PSA announces minor amendments to the Code to address consumer detriment in the ICSS market
The Phone-paid Services Authority (PSA) has announced minor amendments to its Code to address consumer detriment in the Information, Connection ,and Sign-posting Services market following consultation and Ofcom approval. The changes are intended to reduce detriment associated with consumer misunderstanding, limit detriment caused by high call costs, and reduce the risk of forced cut-offs that result in consumer detriment. Providers are required to comply with the changes by 18 September 2023.
EU law
CJEU rules on IPTV service providing commercial customers with hardware and software to allow end users to replay online TV broadcasts
The CJEU has ruled in the case of Ocilion IPTV Technologies v Seven.One Entertainment Group GmbH and another (Case C-426/21). It considered questions referred by the Austrian courts about the making available by Ocilion to its commercial customers of an Internet Protocol television (IPTV) service by which the content of television programmes in respect of which Seven.One and Other are the rightsholders was broadcast for the benefit of end users. The CJEU ruled that Article 2 and Article 5(2)(b) of Directive 2001/29/EC means that the exception to the exclusive right of authors and broadcasting organisations to authorise or prohibit the reproduction of protected works does not cover a service offered by an operator of retransmission of online television broadcasts to commercial customers allowing, on continuous or one-off recording of those broadcasts, on the initiative of the end users of that service, where the copy made by the first of those users to have selected a broadcast is made available, by the operator, to an indeterminate number of users who wish to view the same content. It also ruled that Article 3(1) of Directive 2001/29 means that the supply by an operator of retransmission of online television broadcasts to its commercial customer of the necessary hardware and software, including technical assistance, which enables that customer to allow its own customers to replay online television broadcasts, does not constitute a “communication to the public” under that provision, even if that operator is aware that its service may be used to access protected broadcasting content without the consent of the authors.

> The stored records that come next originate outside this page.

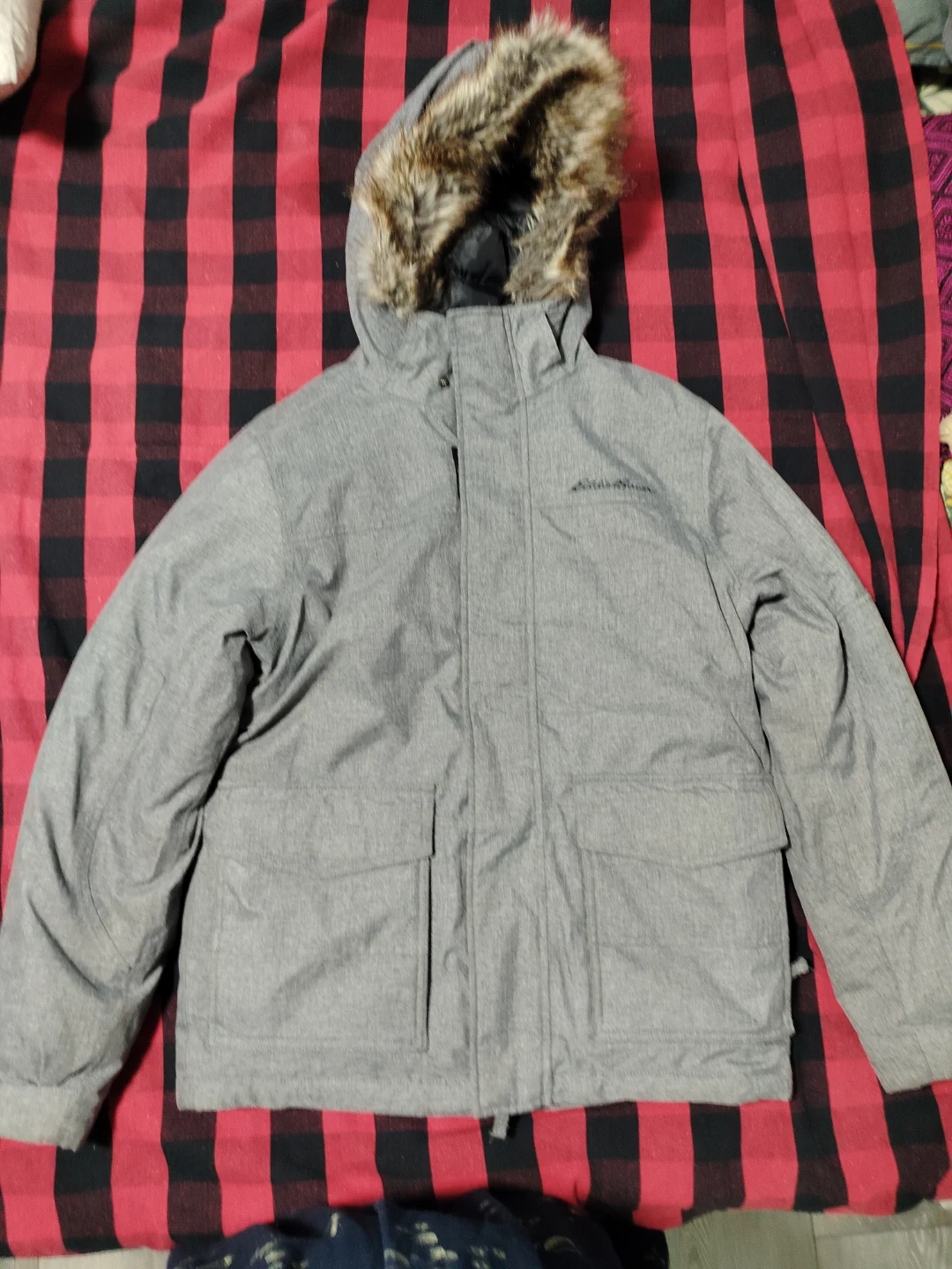 Stay warm this winter with an Eddie Bauer parka! It's a stylish grey colour and features a faux fur-trimmed hood. Minimally used, has adjustment straps in the hood, velcro apart from jacket zip. Similarly the fur could be removed for wash.Mens size S
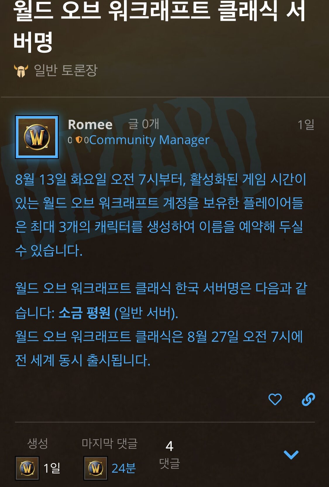 Subject   와우 클래식 서버 근황
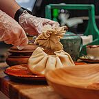 В меню "Гивико" представлены старинные рецепты, собранные и бережно сохранённые до наших дней. Здесь подают рулетики патрижани, кучмачи и сациви, соко в кецах и жареный сулугуни. На первое готовят бозбаш, кахетинскую хашламу, луковый хахви с сулугуни и наваристый чанахи из баранины. Отдельно стоит отметить хинкали, которые здесь готовят как в обычном, так и в шпинатном, ярко-зелёном тесте, добавляя одну из семи ароматных начинок.
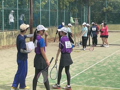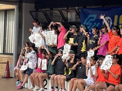 個人戦では、男子ダブルスで3位入賞、県大会出場決定です。おめでとうございます。男子シングルスでは舞木さんが3位入賞しましたが、代表決定戦の結果、県体出場を逃しました。女子個人も県体出場には届きませんでしたが、全力でプレーすることができました。
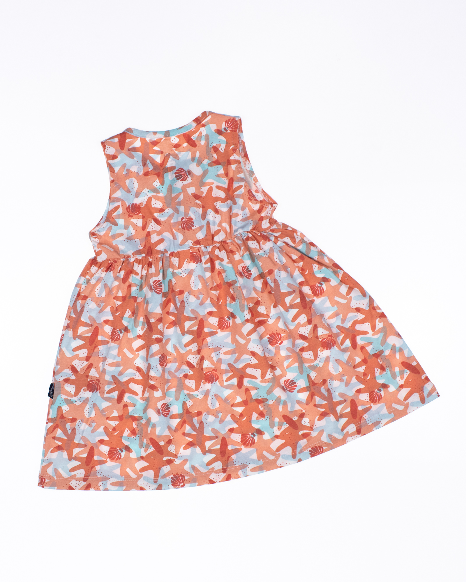Летнее платье для девочки выполнено из эластичного хлопкового трикотажа. Платье с короткими рукавами, расклешенное снизу, с принтом. Длина изделия выше колена.
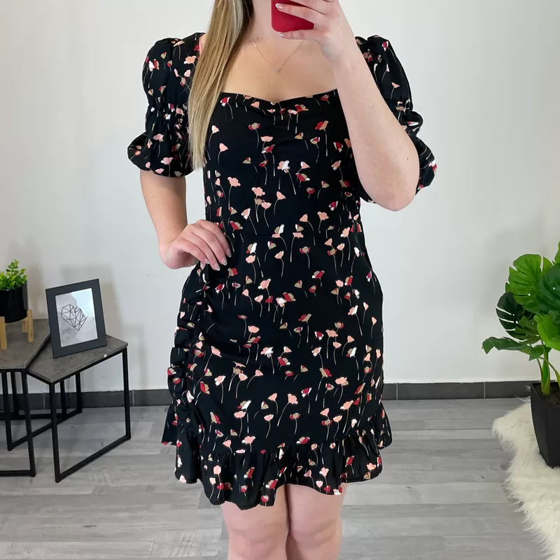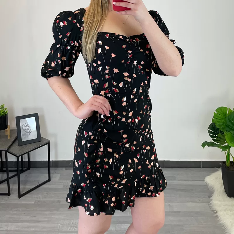 Ženska viskozna obleka v črni barvi. Obleka ima 3/4 rokava, ki se zaključijo z elastiko, kar jim daje ‘balon’ izgled. Na koncu obleke so dodani volančki. Po celi obleki črno blago krasijo cvetice v nežno roza barvi. Izdelana je iz kvalitetne viskoze in je prijetna za nošenje. Na voljo je od številke XS do L.
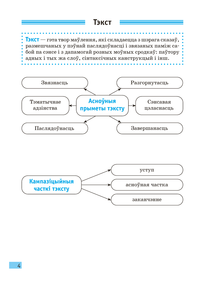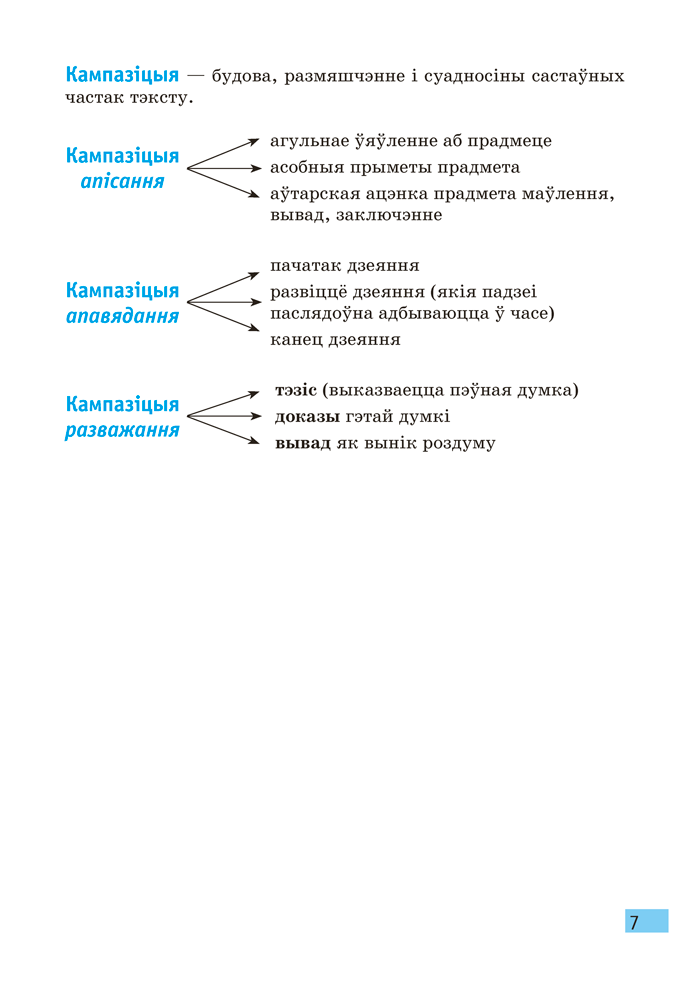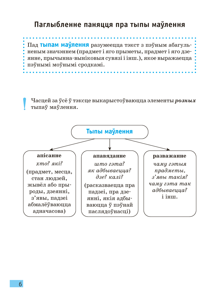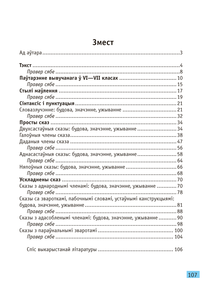 Кампактная кніга ў выглядзе зручных для запамінання схем і апорных канспектаў змяшчае асноўныя правілы вучэбнага курса, у ёй вылучана самае галоўнае. Гэта дасць магчымасць сканцэнтраваць увагу на важных граматычных з’явах і зрабіць навучанне больш лёгкім. Пасля кожнай тэмы прапануецца матэрыял для самаправеркі — рубрыка «Правер сябе», якая складаецца з дзвюх частак: у першай трэба дапоўніць сцвярджэнні, выканаць практычныя заданні, а ў другой — аднавіць у памяці разгледжаныя раней тэмы, запаўняючы пропускі, і падрыхтавацца да вуснага адказу.
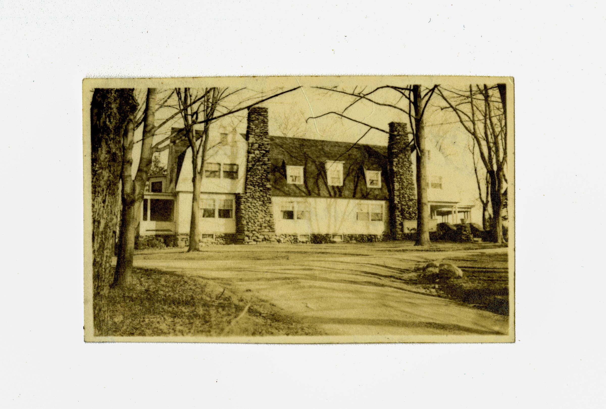 A Dutch Colonial home with two fieldstone chimneys.
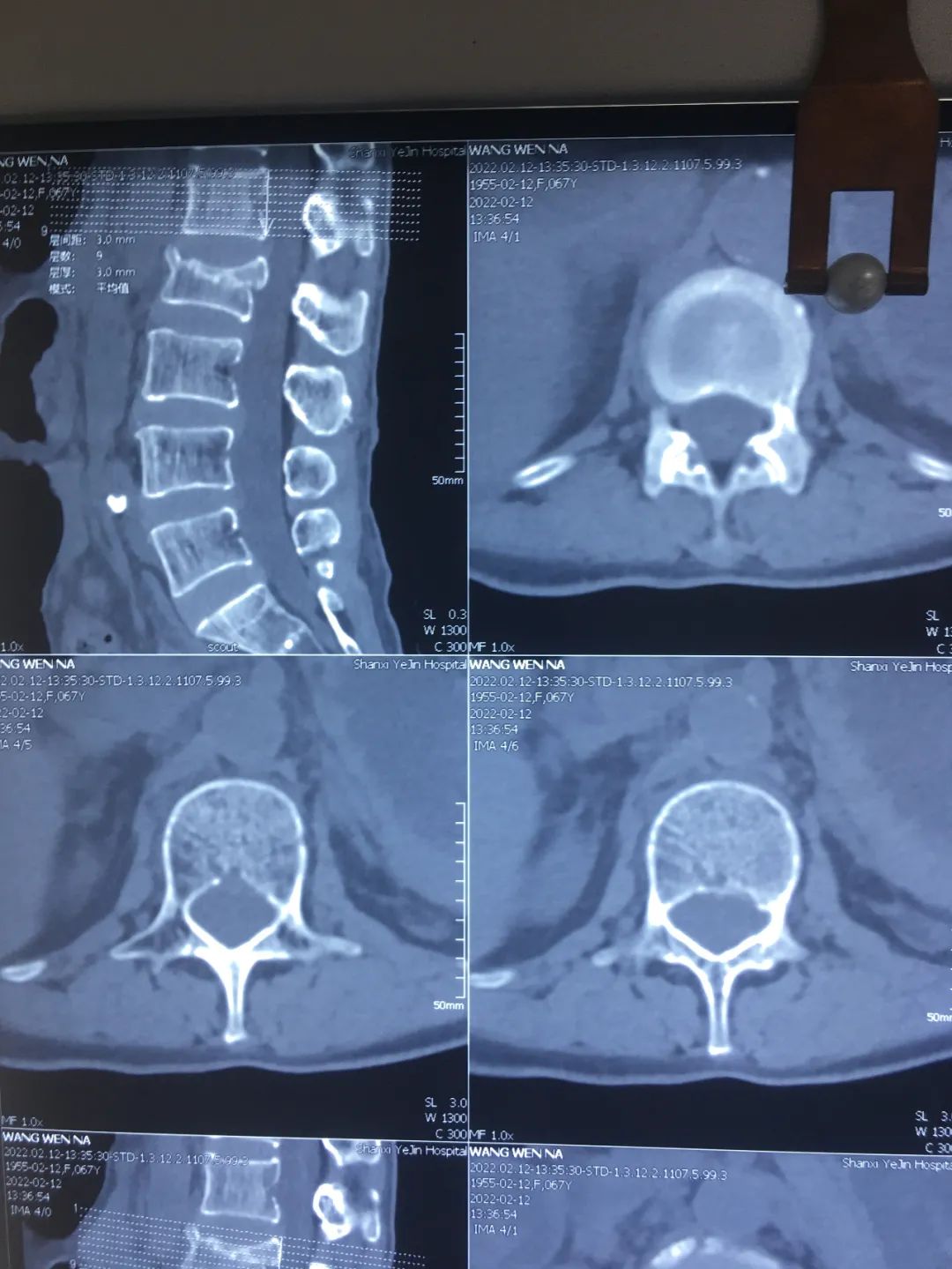 2月12日,家人将她送到陕西冶金医院就诊。医生完善相关检查,拍片提示:腰2椎体新近压缩性骨折,遂收住骨科。
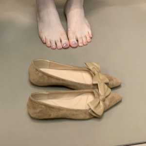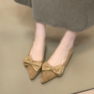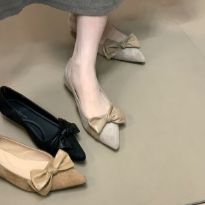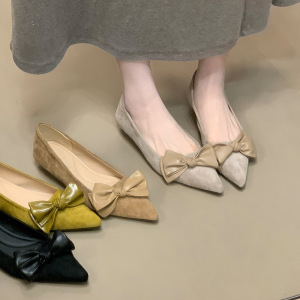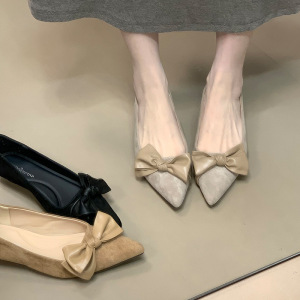 Chengxuan尖头绒面低跟气质单鞋蝴蝶结2025秋季新款百搭通勤女鞋
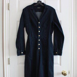 denim jumpsuit, long sleeve jumpsuit, dark wash denim jumpsuit, wide leg, v-neck, button up, 70s, flare, Parisian
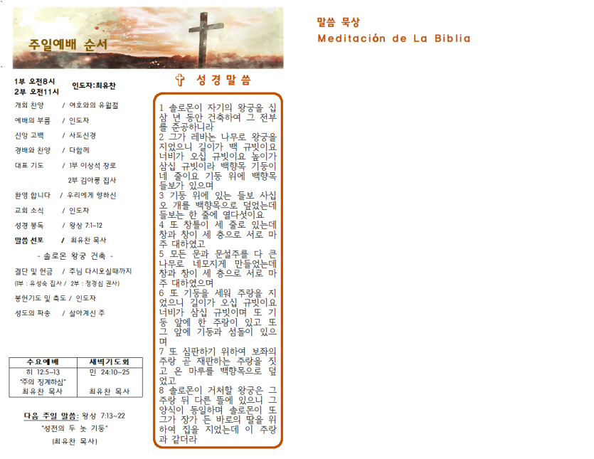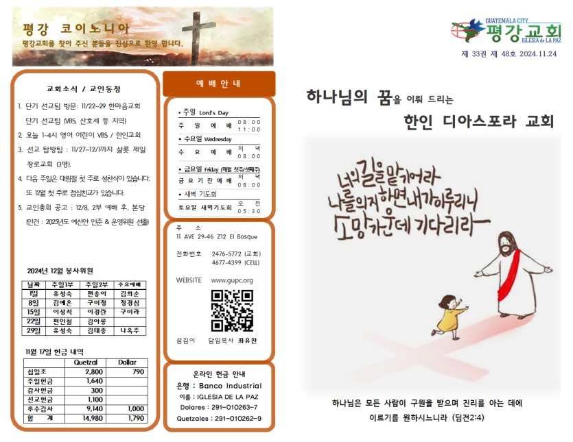 2024년 11월 24일 주일예배 주보 페이지 정보 작성자 과테말라평강교회 댓글 0건 조회 783회 작성일 24-11-24 06:46 목록 본문 2024년 11월 24일 주일예배 주보 이전글2024년 12월 1일 주일예배 주보 24.11.30 다음글2024년 11월 17일 주일예배 주보 24.11.16 댓글 0 댓글목록 등록된 댓글이 없습니다.
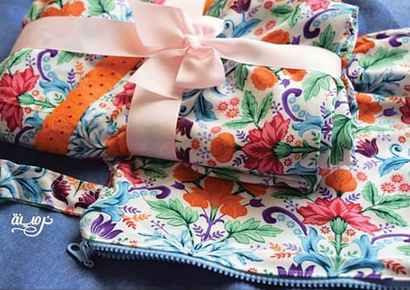 تدخل ورشتها الخاصة في منزلها، غرفة هادئة مرتبة، فهنا منشر غسيل عُلقت عليه بعض الأقمشة المرسومة بحنان، وهناك حائط لباقات مرسومة ومكتوبة، أنجزتها وأحبتها فعلقتها، بعض الخشب الملون والحقائب، صورة لفيروز الحالمة وأخرى لمحمود درويش شاعر الهوى العربي… ووراء باب الغرفة أكياس أنيقة بيضاء مكتوب عليها اسمها باللون الزهري، فيها تضع «نرمينة» أشياءها الحبيبة ولتوصلها إلى أصحابها وقد مهرتها ببطاقة صغيرة جداً تلتف على عنق الهدية.
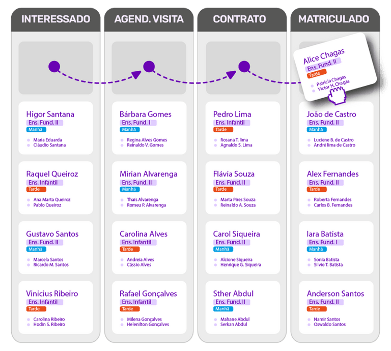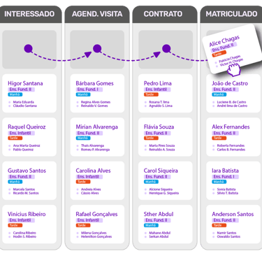 A união do CRM com o funil de captação oferece uma visão panorâmica do seu processo de matrícula. Você terá um fluxo estruturado que guiará potenciais matriculados durante todas as etapas da captação.
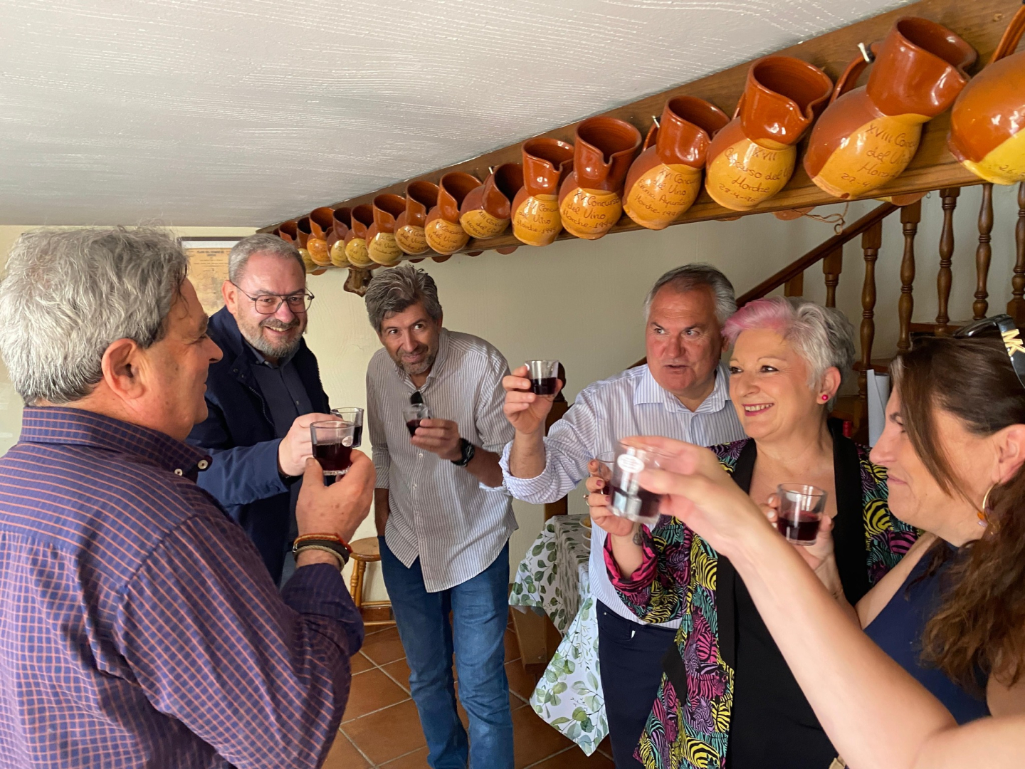La comitiva ha podido comprobar de primera mano cómo el relevo generacional en Horche está asegurado: jóvenes y veteranos comparten barra y secretos de fermentación en las bodegas.
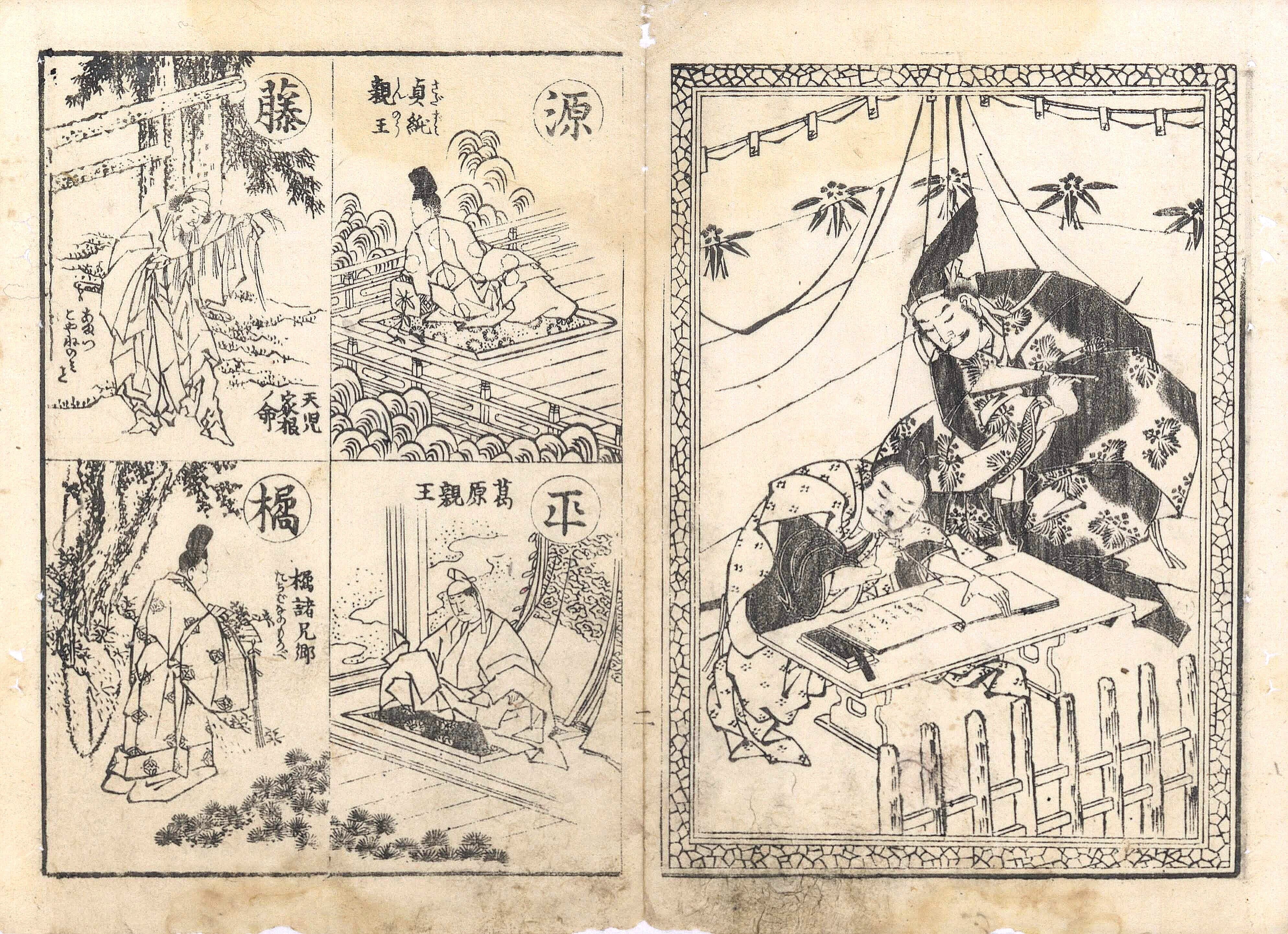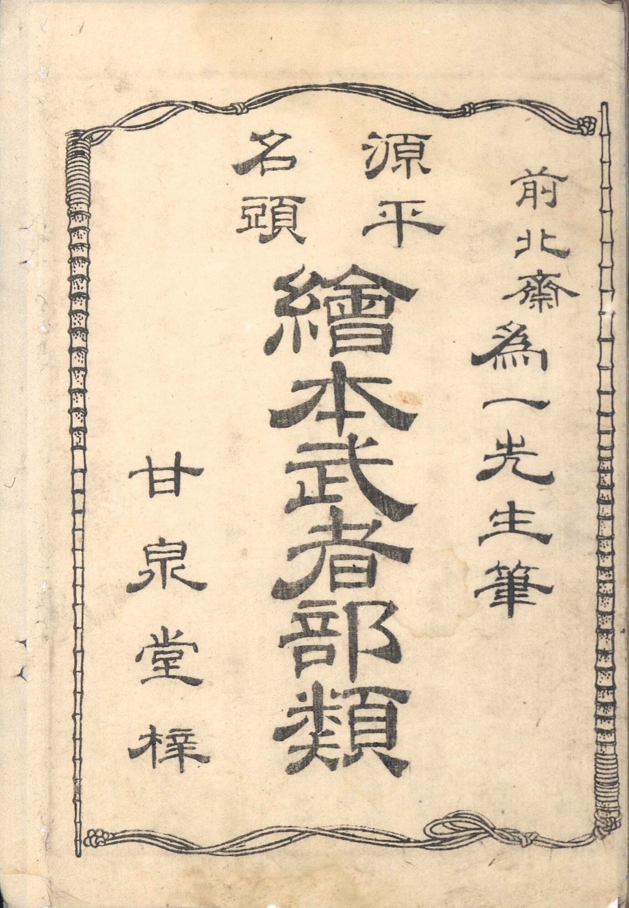 【備考】分類「往来物」。同板3種を全冊収録(単色刷1本は袋綴じ展開収録)。枡形に近い折本(多色刷)と中本和綴本(単色刷)の2種がある。『〈絵本早引〉名頭武者部類[源平名頭武者部類]』は、いわゆる『名頭字尽』本文を構成する単漢字毎に関連の武者絵を描いた絵本。その漢字を含む人名、あるいは単漢字に象徴される人物などを各漢字につき1名ないし数名ずつ描く。例えば冒頭の「源・平・藤・橘」の場合、「源」は清和源氏の祖である貞純(さだすみ)親王、「平」は桓武平氏の祖である葛原(かつらはら)親王、「藤」は藤原氏の祖である祖神天児家根ノ命(あまつこやねのみこと・天児屋命(あめのこやねのみこと))、「橘」は橘諸兄(たちばなのもろえ)を描くが、このような場合のほかに、「斧」は怪童丸、「力」は朝日奈、「雪」は北条時頼、「浪」は那須与市といった伝説からの連想によって描いた箇所もある。人物画は大半が和漢の武人であるが、一部、公家や僧侶、女性なども含む。

Advocate General says that privacy copying exception for fixations of broadcasts under national law should be combined with right to fair compensation
The Advocate General has issued an opinion in the case of Seven.One Entertainment Group GmbH v Corint Media GmbH (Case C-260/22). The opinion stated that Articles 2(e) and 5(2)(b) of Directive 2001/29/EC should be interpreted as precluding an EU member sate from providing a private copying exception to the exclusive reproduction right of broadcasting organisations in fixations of their broadcasts while excluding a right to fair compensation in respect of that copying where it causes them more than minimal harm. The fact that broadcasting organisations may be entitled to fair compensation under to Article 5(2)(b) of Directive 2001/29 in their capacity as film producers is irrelevant.